Work order: In the data below, restate exactly the lines from the one with "昨天(11月24日)22时许" to the final line, both included, but not the pictures.

Entries taken from a collection:
────────────────────────────────────────
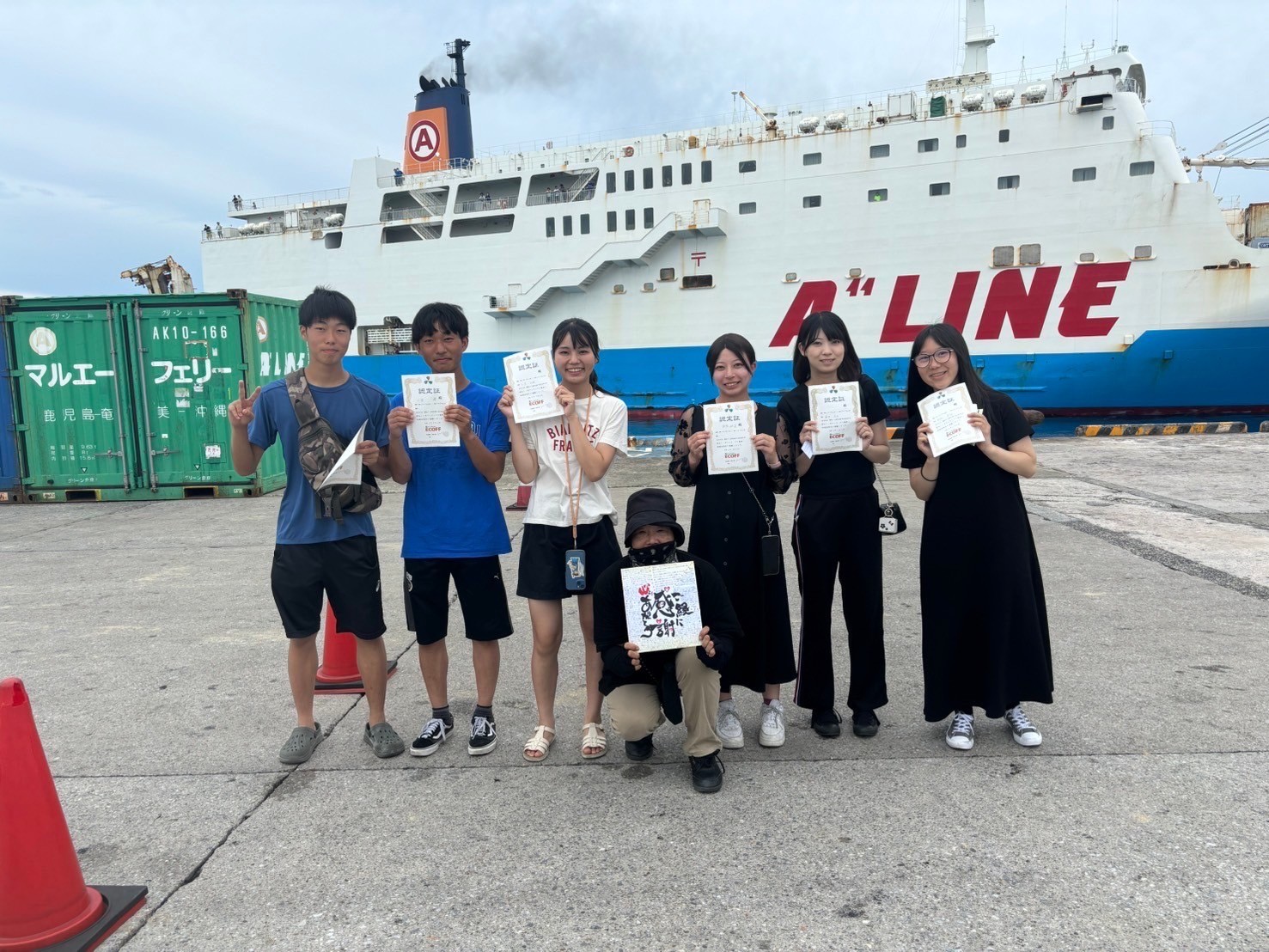 今日はボランティア活動最終日でした。午前中は宿の掃除、昼は世話人の野口さんおすすめの薬草カフェで昼食をとりました。薬草カフェでは、今まで食べたことのない独特な薬草を使った美味しい料理や飲み物がとても印象に残りました。その後は港へ移動しました。船を待つ時間は、世話人の野口さんへの感謝の気持ちを込めて色紙をプレゼントしたり、記念写真をとったりしました。また、ボランティアの認定証をいただきました。今回のボランティアを通して、与論島の人々の生活や文化、言葉などを学んだり、仲間と協力することの大切さを理解することができたり、コミュニケーション能力が向上したと思います。世話人の野口さんをはじめ、ボランティア活動に協力してくださった島の方々、活動中常に親切に接してくださり、ありがとうございました。メンバー全員が与論島のことをとても好きになりました。
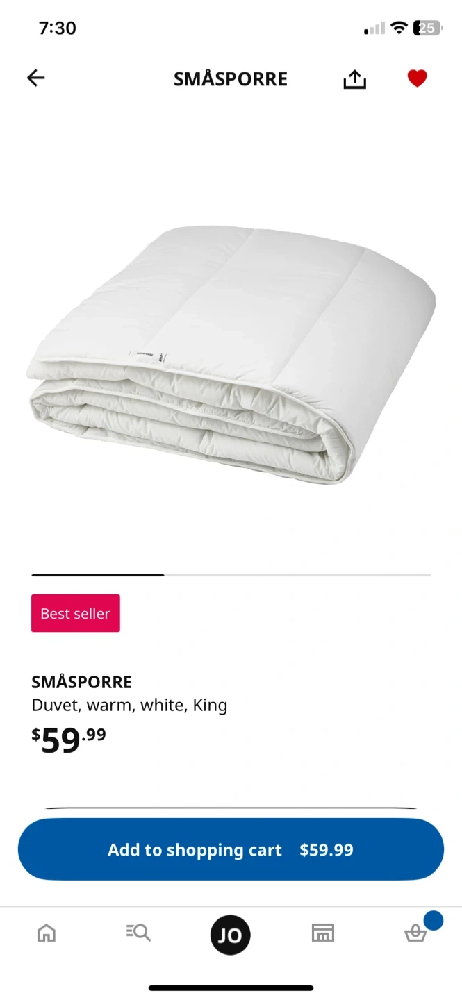 I'm selling an IKEA SMÅSPORRE duvet in King size. It is in brand new condition and was not used but was washed in the washer once. This duvet is warm and easy to care for. It's machine washable at 60°C, a temperature that kills dust mites.
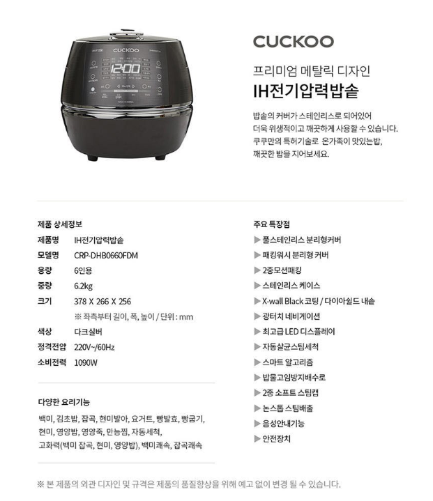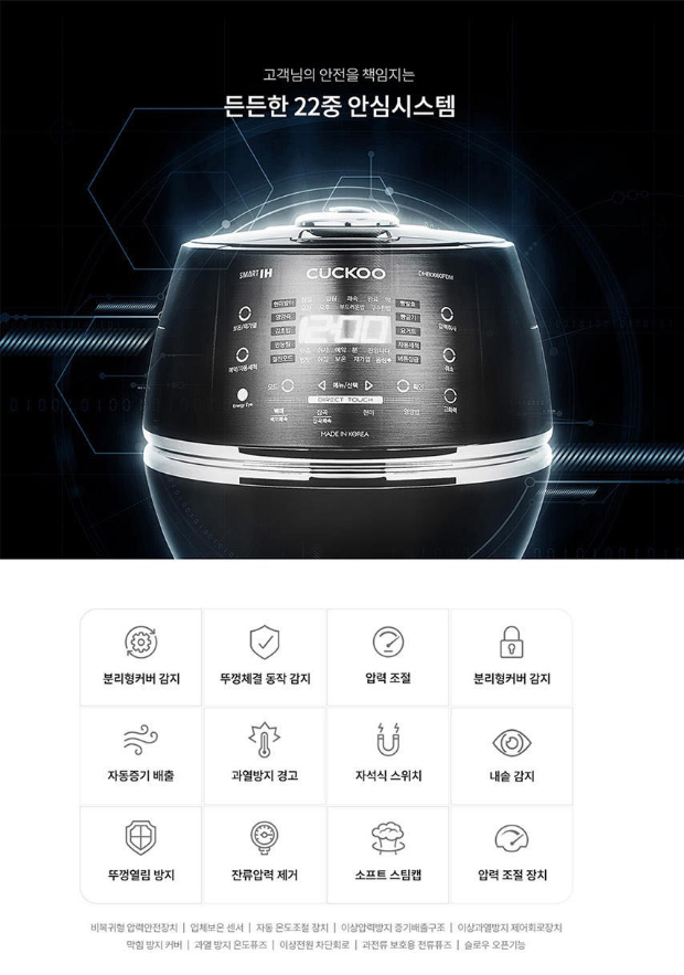 - 내구성: 쿠쿠 제품답게 튼튼한 내솥과 내구성을 보장하는 소재 사용으로 오랜 기간 사용 가능합니다.
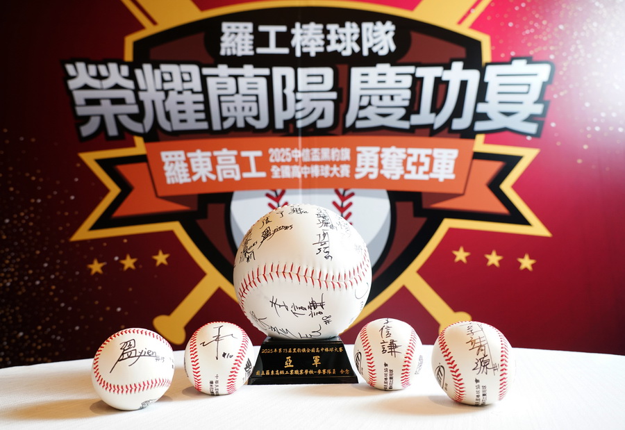 ▲羅工棒球隊致贈全隊簽名球,感謝林燈基金會長期的支持。(圖/林燈文教公益基金會)
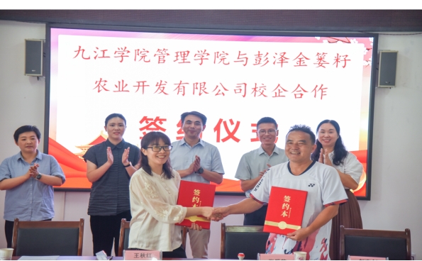 四时俱可喜,最好新秋时。9月19日上午,金年会诚信信誉至上金年会jinnianhuicom与彭泽县金篓籽农业开发有限公司校企合作签约仪式在彭泽县太平关乡数字乡村展厅圆满举行。本次签约合作旨在深化产教融合,统筹教育链、人才链、产业链、创新链,为九江地区数字乡村高质量发展提供科技和人才支撑。金年会诚信信誉至上金年会jinnianhuicom党委书记赵宇剑、副院长王秋红、彭泽县委组织部副部长彭婕、彭泽县科工局局长伍德、太平关乡党委书记许露、彭泽县金篓籽农业开发有限公司总经理张爱芳等三方代表出席仪式,由金年会诚信信誉至上彭泽电商助农团团长王晴主持。
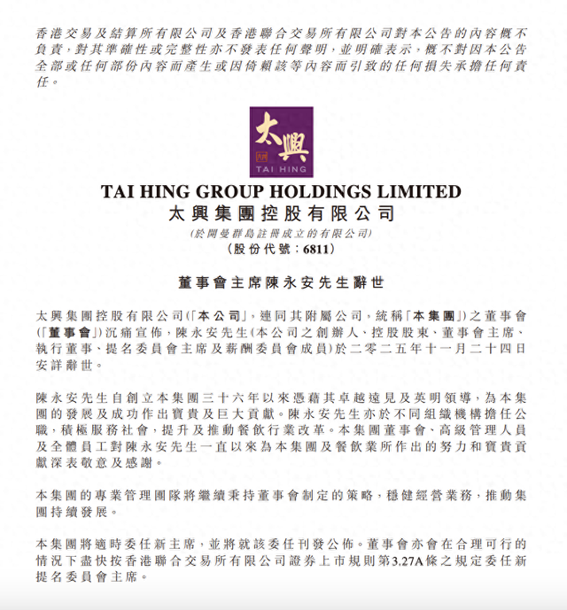 昨天(11月24日)22时许,知名连锁餐饮企业太兴集团在港交所发布公告称,太兴集团控股有限公司创办人、控股股东兼董事会主席陈永安于11月24日当天辞世。
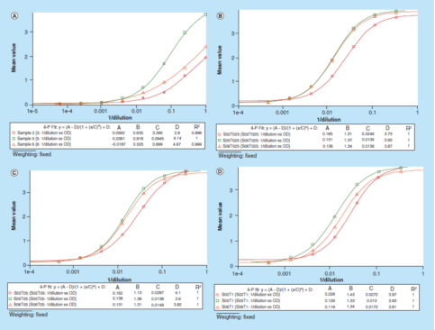 ͼ 3. ¿ÉÈÜÐÔBϸ°û³ÉÊ쿹ԭELISA²â¶¨ÒªÁìµÄƽÐÐÐÔÆÀ¹À ¡£»ùÓÚ10¸öÕý·²ÈËѪÇåÑù±¾£¬²¢Ê¹ÓÃ"ԭʼÐźÅ"ÒªÁìºÍ4PL»Ø¹éÄ£×Ó¾ÙÐÐÇúÏßÄâºÏ ¡£(A)ÑùÆ·1-5£¨ÄУ©£¬Ê¹ÓÃ1% BSA PBS»º³åҺϡÊÍ£»(B)ÑùÆ·6-10£¨Å®£©£¬Ê¹ÓÃ1% BSA PBS»º³åÒº£»(C)ÑùÆ·1-5£¨ÄУ©£¬Ê¹Óà 1%BSA PBS+0.50%£¨v/v£©Triton X-100»º³åҺϡÊÍ£»(D)ÑùÆ·6-10£¨Å®£©£¬Ê¹ÓÃ1%BSA PBS+0.50%£¨v/v£©Triton X-100»º³åҺϡÊÍ ¡£BSA£ºÅ£ÑªÇå°×ÂѰ×£»PBS£ºÁ×ËáÑλº³åÐÄÀíÑÎË® ¡£
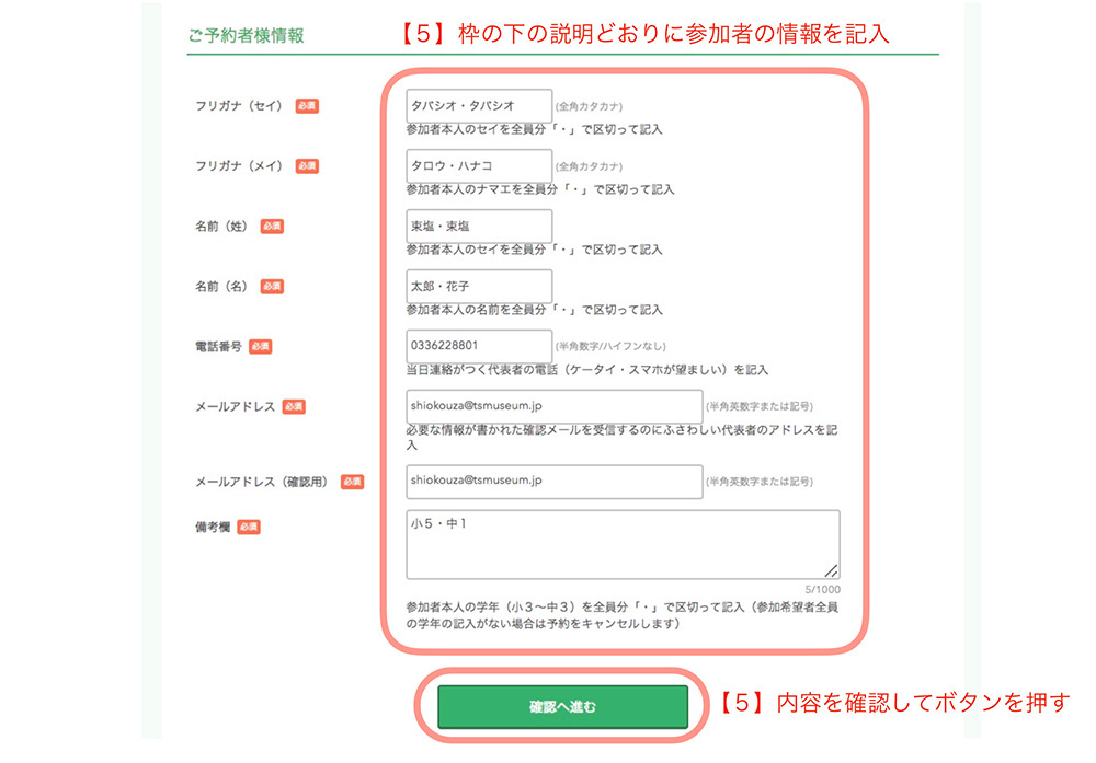 5. 記入フォームに参加者全員の情報を入力(学年の記入を忘れずに)し、「確認へ進む」ボタンを押す
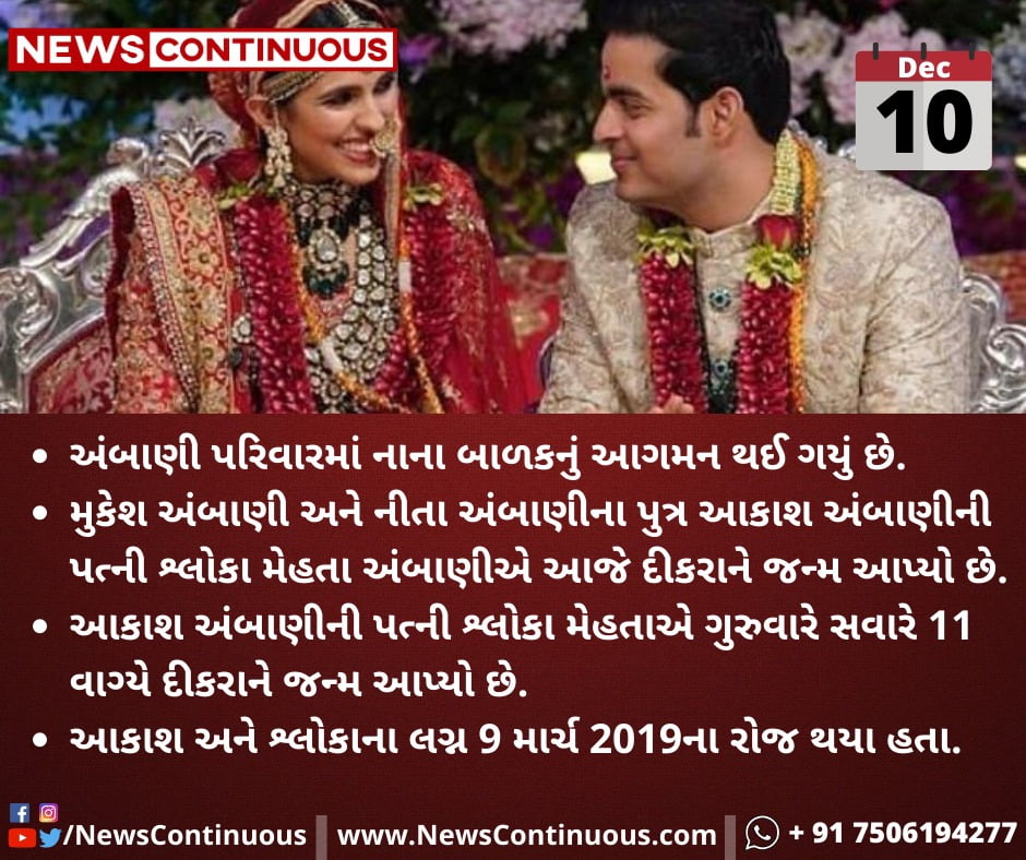 - આકાશ અંબાણીની પત્ની શ્લોકા મેહતાએ ગુરુવારે સવારે 11 વાગ્યે દીકરાને જન્મ આપ્યો છે.
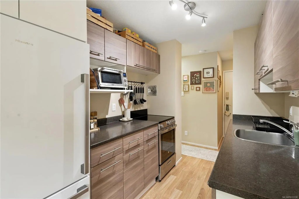 Step into an inviting one-bedroom, one-bath condo in the well-managed Bowen Terraces community. Ideally situated across from Bowen Park and just minutes on foot from Vancouver Island University as well as the Aquatic and Ice Centres, this home also benefits from a bus stop right outside the complex for easy commuting. Inside, you’ll find a thoughtfully updated space with a modernized kitchen, newer flooring, and a refreshed bathroom. The layout includes a generous living area, bright dining nook, convenient storage room, and a spacious bedroom. A private balcony overlooks mature greenery, creating a peaceful outdoor retreat. Heat and hot water are covered in the strata fees, keeping additional utility costs low. The building allows rentals, pets (size & number limit), includes one assigned parking space plus visitor parking, and offers excellent value in a central location. Reach out for your private showing today!
────────────────────────────────────────
Output of the task:
 昨天(11月24日)22时许,知名连锁餐饮企业太兴集团在港交所发布公告称,太兴集团控股有限公司创办人、控股股东兼董事会主席陈永安于11月24日当天辞世。
 ͼ 3. ¿ÉÈÜÐÔBϸ°û³ÉÊ쿹ԭELISA²â¶¨ÒªÁìµÄƽÐÐÐÔÆÀ¹À ¡£»ùÓÚ10¸öÕý·²ÈËѪÇåÑù±¾£¬²¢Ê¹ÓÃ"ԭʼÐźÅ"ÒªÁìºÍ4PL»Ø¹éÄ£×Ó¾ÙÐÐÇúÏßÄâºÏ ¡£(A)ÑùÆ·1-5£¨ÄУ©£¬Ê¹ÓÃ1% BSA PBS»º³åҺϡÊÍ£»(B)ÑùÆ·6-10£¨Å®£©£¬Ê¹ÓÃ1% BSA PBS»º³åÒº£»(C)ÑùÆ·1-5£¨ÄУ©£¬Ê¹Óà 1%BSA PBS+0.50%£¨v/v£©Triton X-100»º³åҺϡÊÍ£»(D)ÑùÆ·6-10£¨Å®£©£¬Ê¹ÓÃ1%BSA PBS+0.50%£¨v/v£©Triton X-100»º³åҺϡÊÍ ¡£BSA£ºÅ£ÑªÇå°×ÂѰ×£»PBS£ºÁ×ËáÑλº³åÐÄÀíÑÎË® ¡£
 5. 記入フォームに参加者全員の情報を入力(学年の記入を忘れずに)し、「確認へ進む」ボタンを押す
 - આકાશ અંબાણીની પત્ની શ્લોકા મેહતાએ ગુરુવારે સવારે 11 વાગ્યે દીકરાને જન્મ આપ્યો છે.
 Step into an inviting one-bedroom, one-bath condo in the well-managed Bowen Terraces community. Ideally situated across from Bowen Park and just minutes on foot from Vancouver Island University as well as the Aquatic and Ice Centres, this home also benefits from a bus stop right outside the complex for easy commuting. Inside, you’ll find a thoughtfully updated space with a modernized kitchen, newer flooring, and a refreshed bathroom. The layout includes a generous living area, bright dining nook, convenient storage room, and a spacious bedroom. A private balcony overlooks mature greenery, creating a peaceful outdoor retreat. Heat and hot water are covered in the strata fees, keeping additional utility costs low. The building allows rentals, pets (size & number limit), includes one assigned parking space plus visitor parking, and offers excellent value in a central location. Reach out for your private showing today!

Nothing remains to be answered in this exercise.